Now, if I only I could learn Hindi and Gujurati, I'd be set!
SG
Monday, January 19, 2004
I'm a libertarian, and, as such, I believe in free markets, but what my fellow free-marketeers seem to be omitting from their analyses is the fact that there is real value in having a business in the US. First off, you get the luxury of having the strongest military in the world defending you. How much is that worth? You get perhaps the most modern infrastructure in the world. What about the value on that? These things, among many others, are provided for businesses at great expense to the American citizen, and when Carl Fiorina (a.k.a. the whore of Bangalore) decides that Americans are whiners and pests because they expect something back for their onerous tax burden, I - with only a touch of sarcasm - suggest we ship her ass the heck out of this country, and allow her make it without the insane corporate welfare of the US.
anon
Monday, January 19, 2004
"Staying relevant in one's job requires foresight, planning, and training"
He left out becoming dirt cheap.
Monday, January 19, 2004
"Now, if I only I could learn Hindi and Gujurati, I'd be set!"
- You shouldn't need to.

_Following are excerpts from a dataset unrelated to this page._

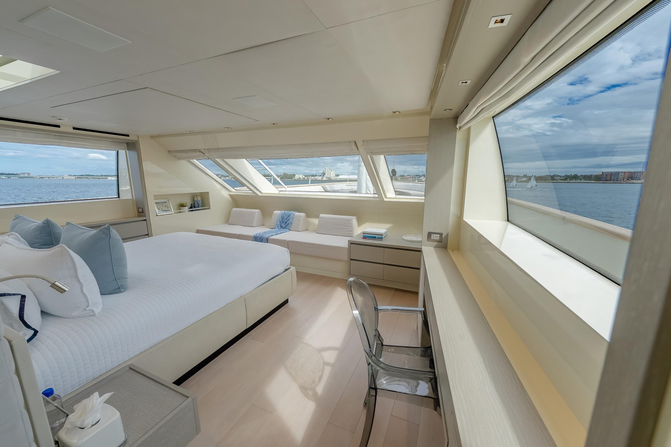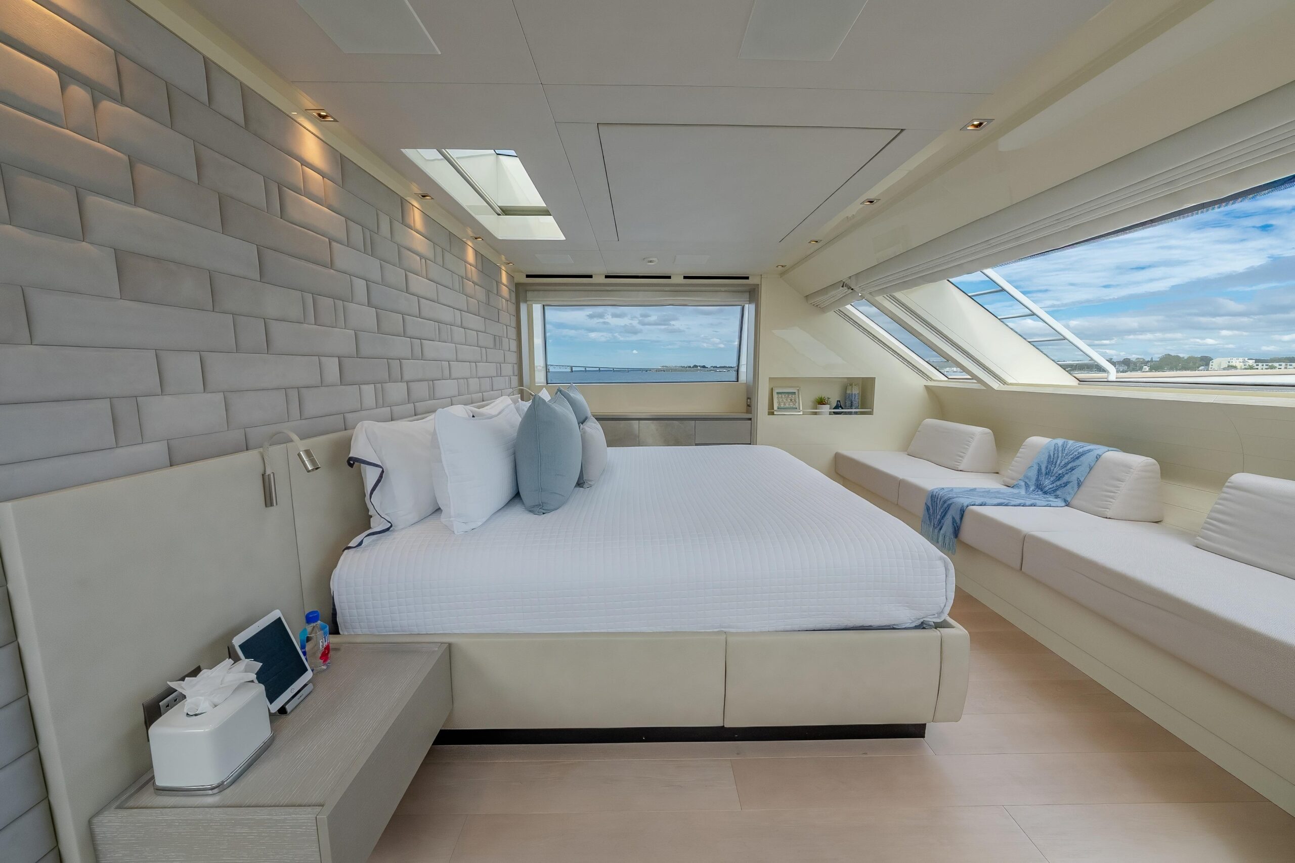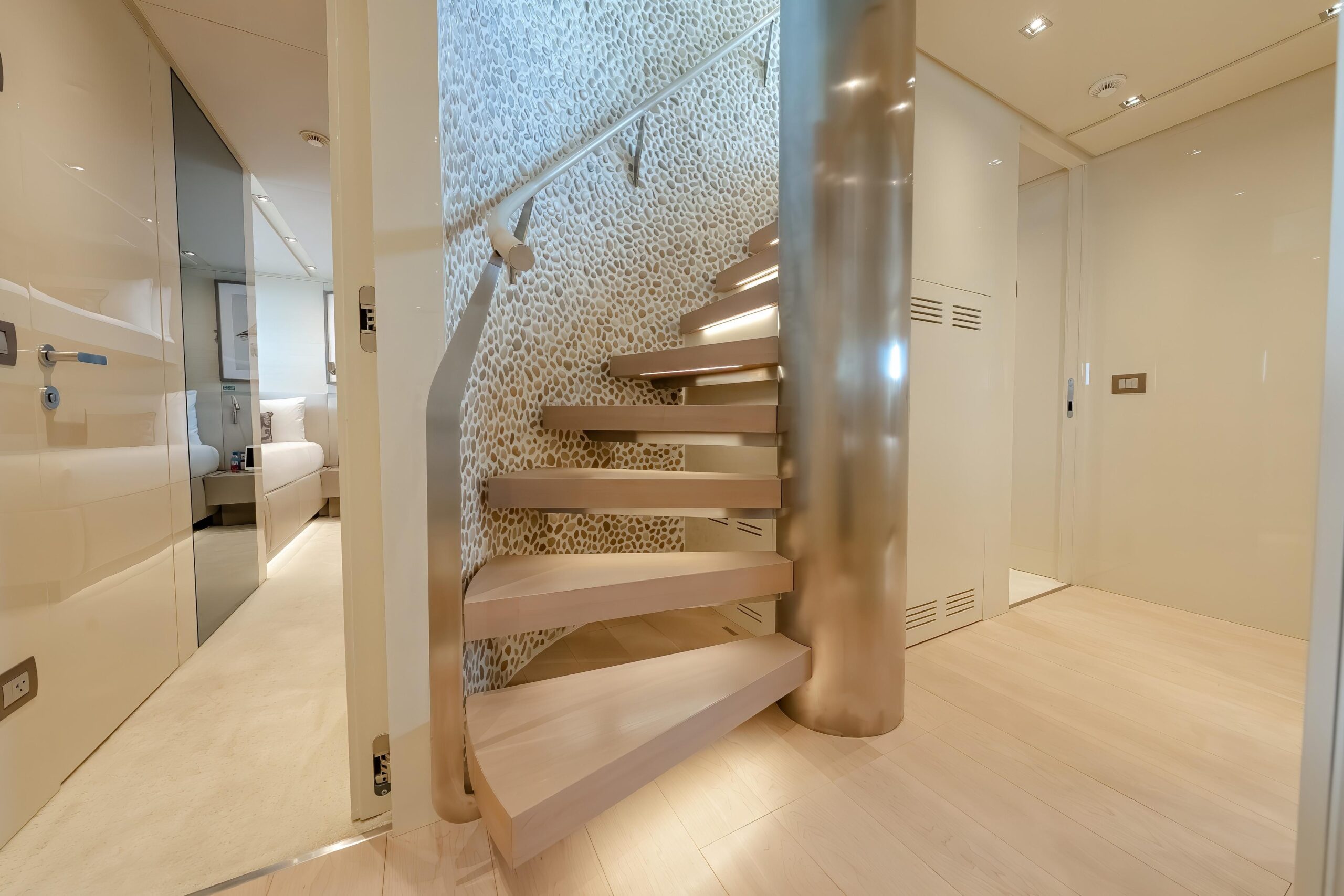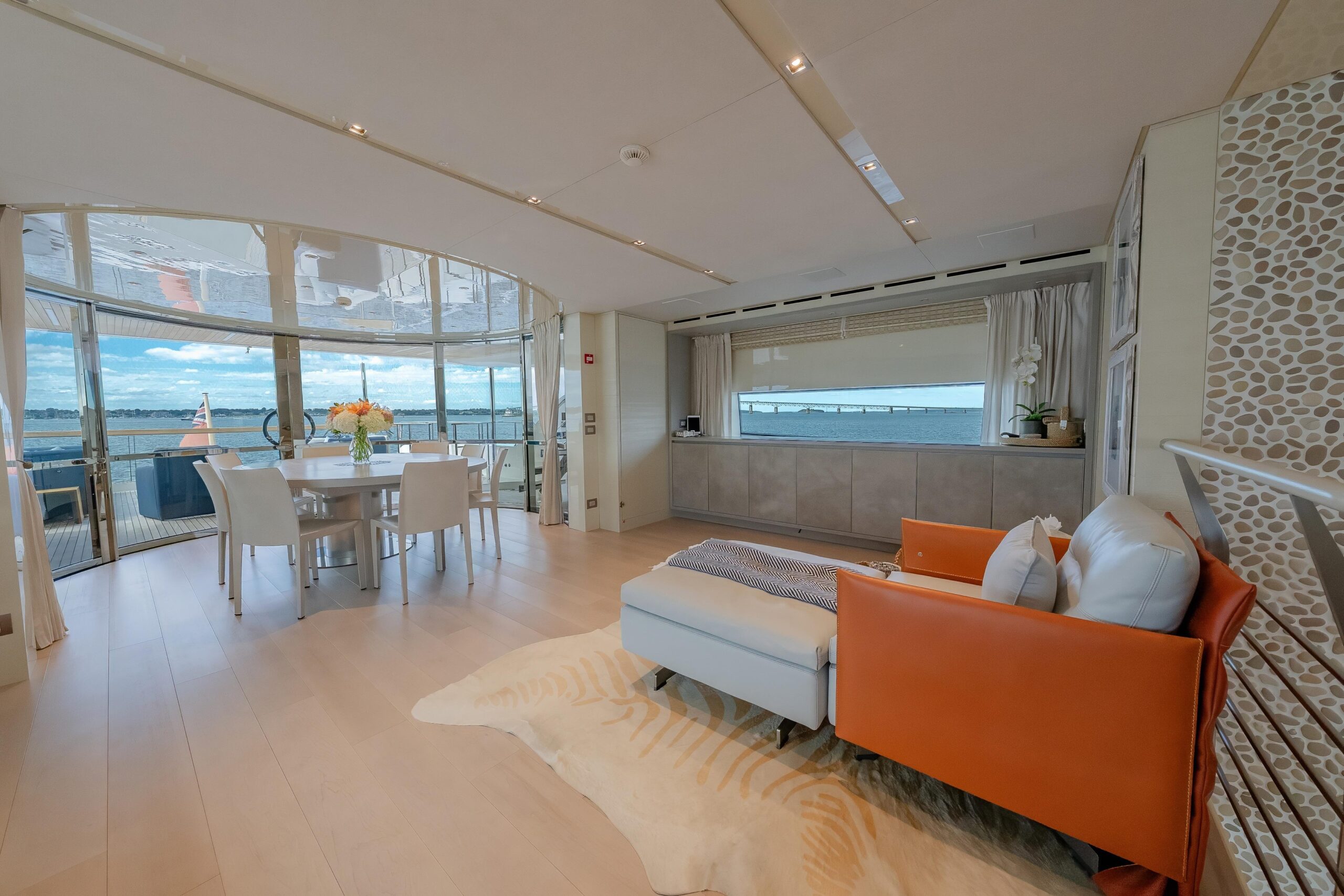 Интерьер выполнен в стиле «St. Barts» от Marty Lowe, сочетая прибрежную цветовую палитру с атмосферой непринуждённой роскоши. Среди ключевых зон на борту — полноширинный скайлаунж, панорамный главный салон с морским балконом, а также обширные зоны для отдыха и приёма гостей на открытом воздухе на всех палубах, включая флайбридж с джакузи, соляриями и баром.
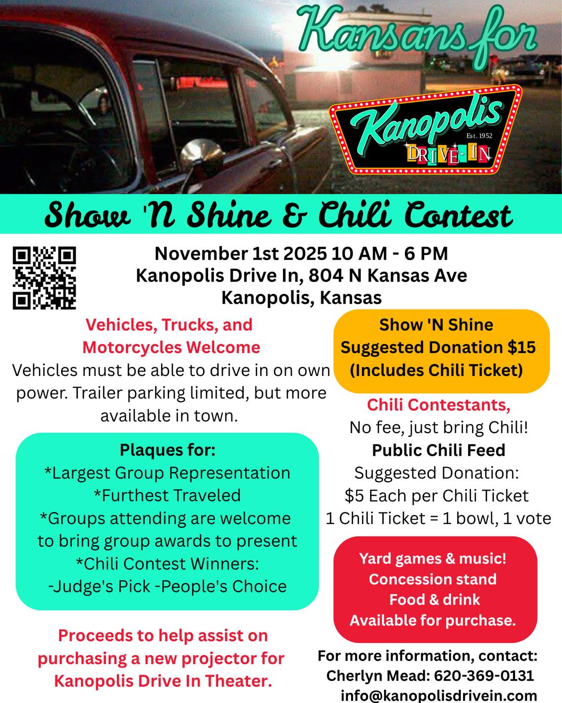 A Show ‘N Shine car show with a Chili Cook-off contest will take place at the Kanopolis Drive-In on Saturday, November 1st to help raise funds as well.
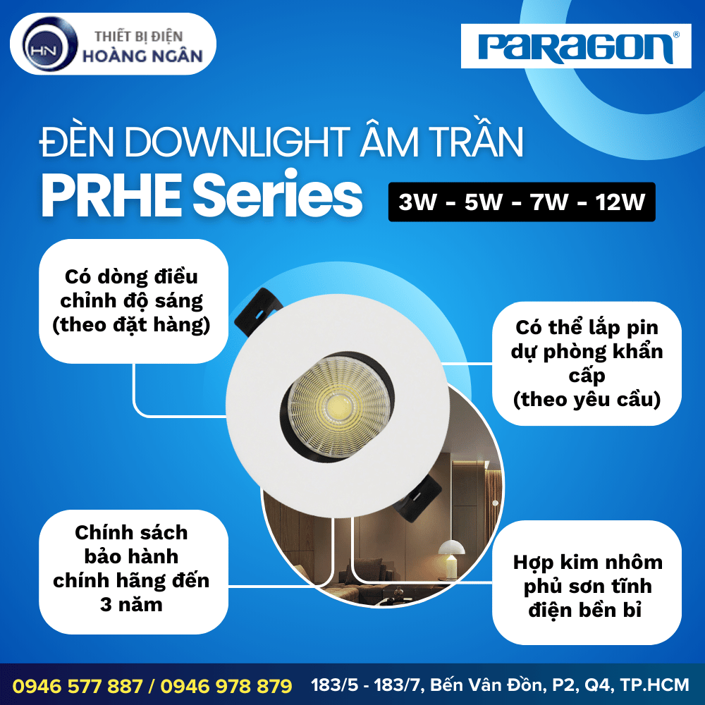 Dòng Đèn Downlight Âm Trần Paragon PRHE Series được thiết kế chuyên biệt cho chiếu sáng chiếu điểm, mang đến hiệu ứng ánh sáng tập trung, sang trọng và tinh tế. Với công nghệ chip LED Cree/Bridgelux từ Mỹ, sản phẩm không chỉ đảm bảo hiệu suất chiếu sáng vượt trội, ánh sáng trung thực mà còn tiết kiệm điện năng tối đa. Thiết kế chóa hẹp độc đáo cùng nhiều tùy chọn góc chiếu (10°, 23°, 36°) giúp PRHE Series trở thành giải pháp hoàn hảo để làm nổi bật không gian nội thất, khu vực trưng bày hay các chi tiết kiến trúc cao cấp.

English is one of the official languages of India, and is thus an "Indian" language. The same thing that enables Indians to compete so well for jobs in the U.S., U.K., Canada, Australia, New Zealand, etc. is the same thing that *should* allow the reverse.
David B. Wildgoose
Monday, January 19, 2004
A company ought to be able to hire whoever they want and get their work done wherever they want and let the marketplace reward that company or not. Personally I think the outsourcing and hiring of foreigners is done more because of the morons in charge than for any other real reason. Nutshell.
Me
Monday, January 19, 2004
"A company ought to be able to hire whoever they want and get their work done wherever they want "
I used to think the same thing. Then in 7th grade I read "The Jungle".
Monday, January 19, 2004
I wonder if he'll write a piece on how easily an editorial position could be outsourced. As far as my former bosses go, by far the best writer with the greatest command over the English language was a well-educated scholar from Sri Lanka.
no soup for you
Tuesday, January 20, 2004
void CCorporation::Operate()
{
CActionIterator actionIterator;
CAction* pAction;
while((pAction = actionIterator.Next())!=NULL)
if (pAction->IncreasesRevenue( ))
if (CCorporation::CanGetAwayWith(pAction))
CCorporation::Do(pAction);
}
The Machine
Tuesday, January 20, 2004
"I wonder what this guy would think if suddenly all magazine editors were outsourced to India."
It wouldn't even have to go that far. If the media companies even thought about importing lots of cheap journalists to reduce the salaries of journalists, let alone editors, there would be a strike tomorrow and the media companies would lose millions every hour.
That is why it never happens, and those jobs are never offshored, and why Mr Gilooly or whatever his name is sits comfotably and writes about things he does not comprehend.
Working journalist
Friday, January 23, 2004
> English is one of the official languages of India... The same thing that enables Indians to compete so well for jobs in the U.S., U.K., Canada, Australia, New Zealand should allow the reverse.
No, that's not how it works. India does not allow Westerners to accept jobs with Indian firms in India in the same way Western nations let Indians work in the West.